Purpose of review: Bicuspid aortic valve is the most common type of cardiac malformation and predisposes to aortic valve calcification, which is the third leading cause of heart disease in adults. These seemingly temporally disparate diseases have been described as having genetic influences but limited data exist on the precise genetic causes in humans. Several advances in the molecular genetics of aortic valve formation and calcification have recently been identified and are described here.
Recent findings: A large family with autosomal-dominant aortic valve disease consisting of bicuspid aortic valve and aortic valve calcification was studied using genome-wide linkage analysis. This led to the identification of a nonsense mutation in NOTCH1 in affected individuals. This finding was supported by the discovery of a NOTCH1 frameshift mutation in an unrelated family with similar aortic valve disease, suggesting that NOTCH1 haploinsufficiency was a genetic cause of aortic valve malformations and calcification. The NOTCH signaling pathway was linked to a molecular pathway for aortic valve calcification, as NOTCH1 was found to repress activation of Runx2 - a transcription factor critical for osteoblast cell fate that is up-regulated in calcified human aortic valves.
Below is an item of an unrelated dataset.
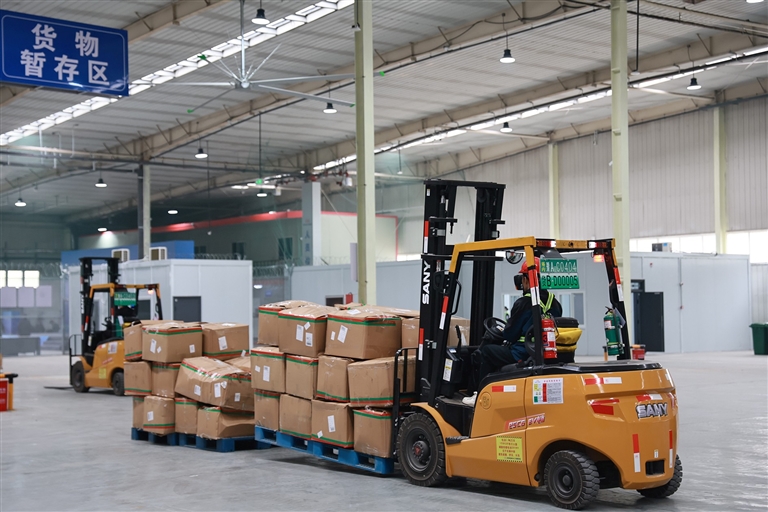 3月30日,郑州机场中大门前置货站内,一批跨境电商货物顺利完成海关申报、查验、安检等全流程作业,经专用驳运车辆运抵机场装机发往欧洲。全媒体记者 聂冬晗 摄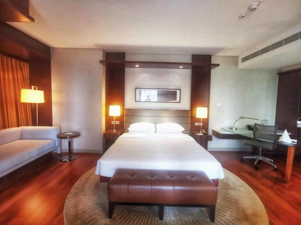 As to be expected, Grand Hyatt Kuala Lumpur rooms are filled with the luxury and comfort you would expect to find in a 5-star hotel… This includes beautiful modern furnishings, floor to ceiling windows in each room, and wooden parquet flooring or marble flooring (in the bathroom)

Summary: The recent genetic and biochemical findings provide novel insights into the molecular and genetic basis for aortic valve dysmorphogenesis and calcification. Future studies focusing on the identification of additional disease-causing and susceptibility genes will aid in the development of prevention strategies. Ultimately, it will be the careful dissection of these molecular pathways that will hopefully lead to novel therapeutic options.